Antes da Segunda Guerra, Churchill foi um entusiasmado admirador de Adolf Hitler. Em seus discursos de 1935 e 1937, respectivamente intitulados “A verdade sobre Hitler” e “Hitler e sua escolha”, Churchill não poupou elogios ao líder nazista, exaltando sua “competência” e “carisma”: “aqueles que conheceram Herr Hitler pessoalmente, em reuniões de negócios ou encontros sociais, encontraram um funcionário altamente competente, tranquilo e bem-informado, dotado de maneiras agradáveis e de um sorriso que desarma, e poucos conseguiram permanecer imunes ao seu sutil magnetismo pessoal”, afirmou Churchill sobre o líder nazista, complementando que tinha esperança de que o chanceler alemão pudesse “ajudar a criar tempos mais felizes”.
As afinidades entre a plutocracia britânica e o nazismo alimentaram crença de Hitler na possibilidade de o Reino Unido não intervir para limitar o agressivo o expansionismo alemão. A relutância do Reino Unido em lançar uma ofensiva geral contra a Alemanha, mesmo após a declaração formal de guerra, era um indicativo de que a tese tinha alguma substância. A ambivalência britânica também se fez notar nas reuniões do conselho de guerra, quando os oficiais da Força Aérea Real se mostraram reticentes em bombardear as indústrias do vale do Ruhr, pois não queriam “causar danos às propriedades privadas alemãs”. Da mesma forma, a Força Expedicionária Britânica, que desembarcou em solo francês nos primeiros meses do conflito, não possuía nenhum plano de ação que fizesse referência a uma possível invasão do território alemão. Em outras palavras, o Reino Unido não tinha a mais remota intenção de depor o regime nazista, mesmo quando já havia declarado guerra contra a Alemanha.
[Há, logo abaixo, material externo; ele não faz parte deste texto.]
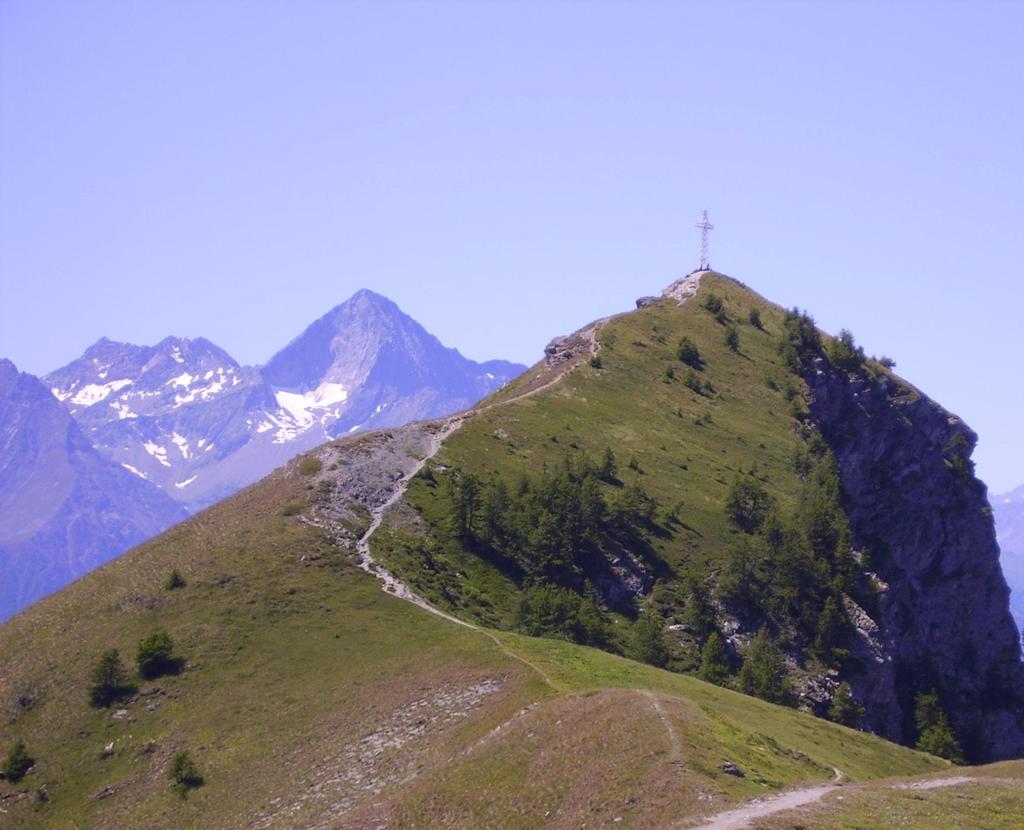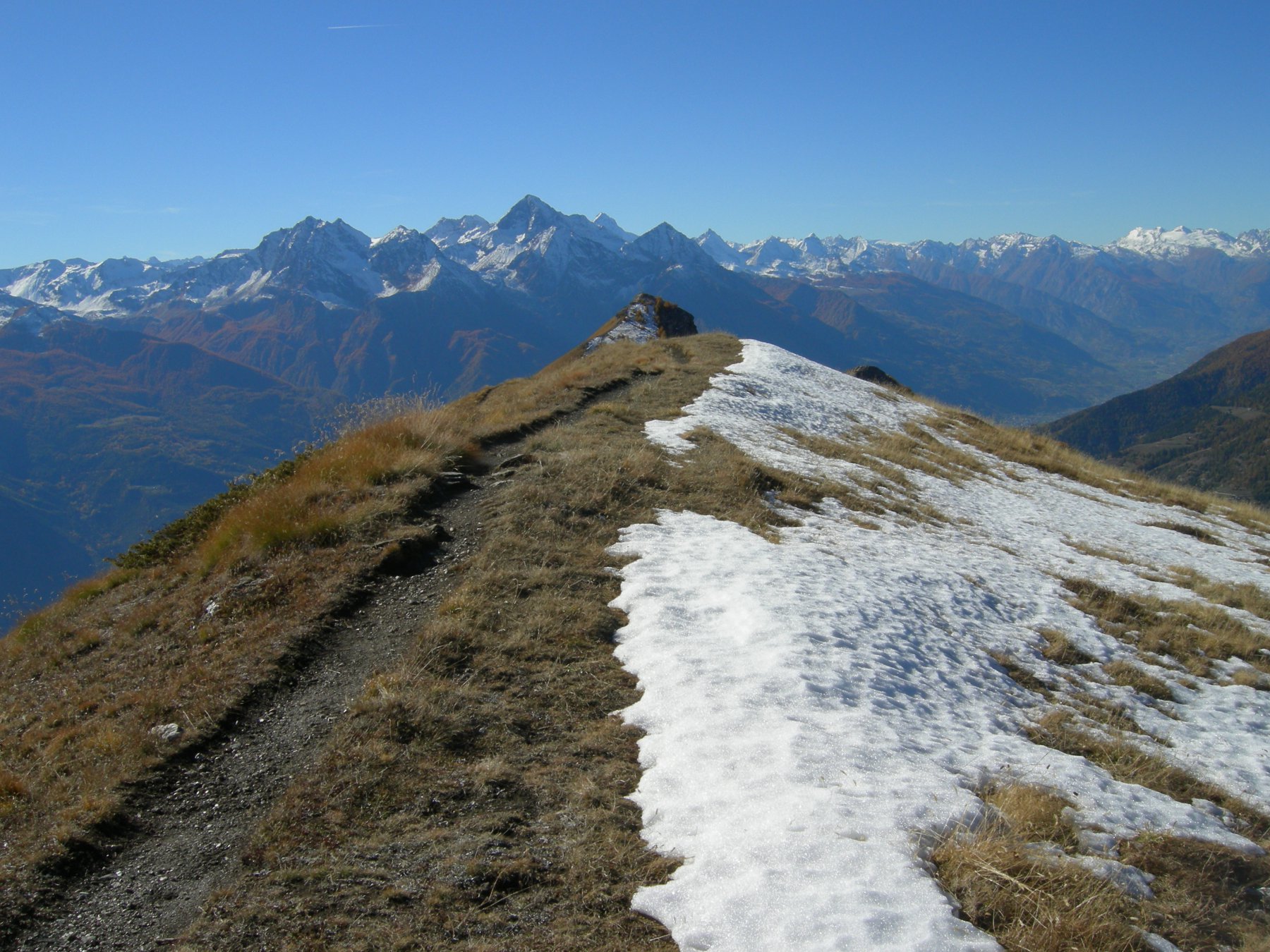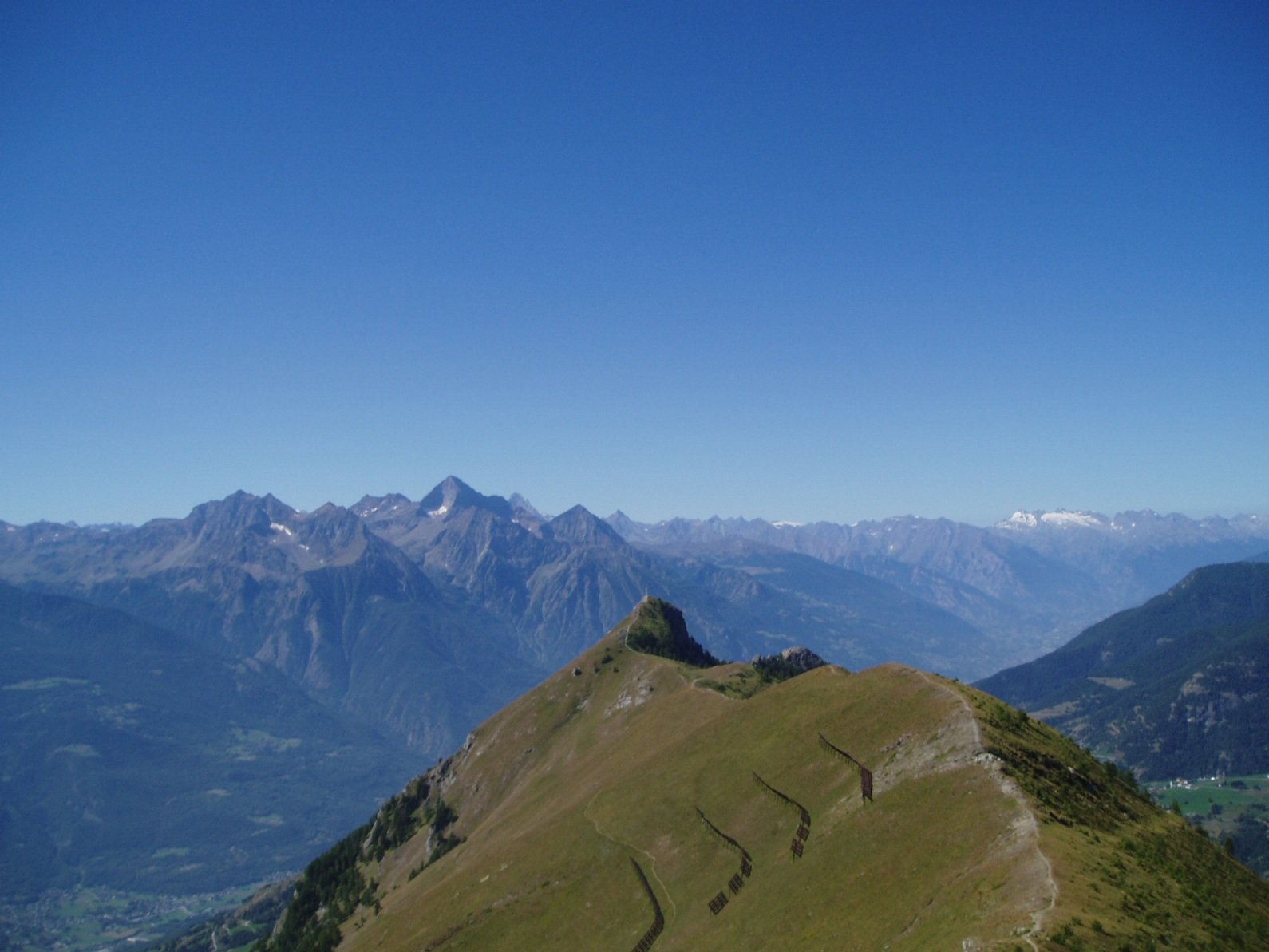 Il sentiero prosegue ora sulla dx della cresta , raggiunge una baita e un bivio (2360 m); si lascia a dx il sentiero che porta in cima alla Becca d’Aver e si prende il sentiero di sx che a mezza costa passa attraverso dei paravalanghe e si porta in cresta sotto la cima Longhede che si raggiunge con una breve e facile salita (2416 m) 1 ora dopo aver lasciato la macchina.Dalla cima della Longhede il panorama spazia dal gruppo dell’Emilius , alla Tersiva , al vallone di St. Barthelemy .

Impaciente com a atitude britânica, que relutava em partir para uma campanha agressiva, mas também não propunha nenhum sinal de trégua ou acordo, Hitler tomou a decisão de ordenar uma ofensiva geral contra as forças anglo-francesas em maio de 1940. Após derrotar a França, o chanceler alemão obrigou a Força Expedicionária Britânica a empreender uma retirada humilhante pelo porto de Dunquerque, mas foi condescendente ao permitir a evacuação de quase 400 mil soldados britânicos por meio do Canal da Mancha.
Um último gesto de conciliação com o Reino Unido ainda seria orquestrado por Rudolf Hess, um dos principais assessores do líder nazista, que foi ao Reino Unido para tentar convencer o Duque de Hamilton a apoiar a adesão britânica a uma campanha militar internacional contra a União Soviética, epicentro do socialismo internacional.
Não obstante, a Alemanha já havia, a essa altura, ultrapassado o ponto de não retorno. O expansionismo nazista havia se convertido em uma ameaça ao domínio imperial britânico. Em menos de dois anos, a Alemanha já havia dominado a França, Áustria, Checoslováquia, Bélgica, Países Baixos, Dinamarca e Noruega, retirando quase toda a Europa Ocidental do círculo de influência britânico.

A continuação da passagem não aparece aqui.